HIVE Digital Technologies committed about US$3.1 million over five years to upgrade fibre at its Grand Falls data centre, even as its stock fell 7.86% in a single session. The move comes after the company raised US$115 million through a 0% exchangeable note issuance, a financing that gives it room to keep building while it pivots deeper into AI and high performance computing.
The latest drop left HIVE last at CA$3.75, well below a narrative fair value of CA$8.45 cited for the company. The stock has still delivered a 23.76% return over 90 days and a 30.21% total shareholder return over the past year, but the business remains loss making despite revenue of US$257.1 million.
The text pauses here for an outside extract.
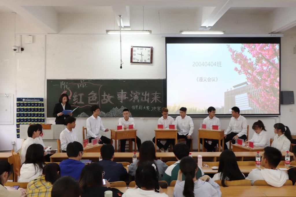 在观众热烈的掌声中,比赛开始。参赛班级围绕着红色故事这一主题展开,所表演的的内容各具特色。20040404班所表演的遵义会议体现了遵义会议作为中国共产党生死攸关的转折点的重要性;19040S0119040143班以五四运动为主题排演的节目恰同学少年,再现当年学生群体誓死保卫国家主权反抗帝国主义压迫的情景;19040241班则向大家展现了标志中国共产党成立的会议——中共一大,向我们呈现出革命年代,特务的步步紧逼和革命先辈们的英勇无畏演员们生动形象地演绎红色故事,将红色精神传给了在场的每一位观众。最后,大赛在杨航同学的歌声中落下帷幕。通过各评委的评分,19040141班获得一等奖20040341班获得二等奖19040241班获得三等奖。

That tension helps explain why the market is reading HIVE less like a simple mining story and more like a bet on infrastructure. The fibre upgrade is a practical step for a company trying to support heavier workloads, but it also adds another layer of spending to a balance sheet already shaped by the recent note sale and the need to turn growth into profit.
On Thursday, November 14, HC Wainwright raised its FY2025 EPS estimate for HIVE to minus US$0.33 from minus US$0.35 and kept a Buy rating and an $8.00 price target on the shares. The firm also sees Q4 2025 earnings at minus US$0.07 per share and Q4 2026 earnings at US$0.03 per share, a forecast that implies the path to profitability is still ahead rather than behind.
HIVE also carries a low value score of 2 and was recently removed from the S&P/TSX Venture Composite Index, a reminder that operational progress and market approval do not always move together. For now, the stock is being pulled between capital spending, a still-unprofitable financial profile and the hope that its AI and high performance computing push can justify the gap between the market price and the higher fair value estimate.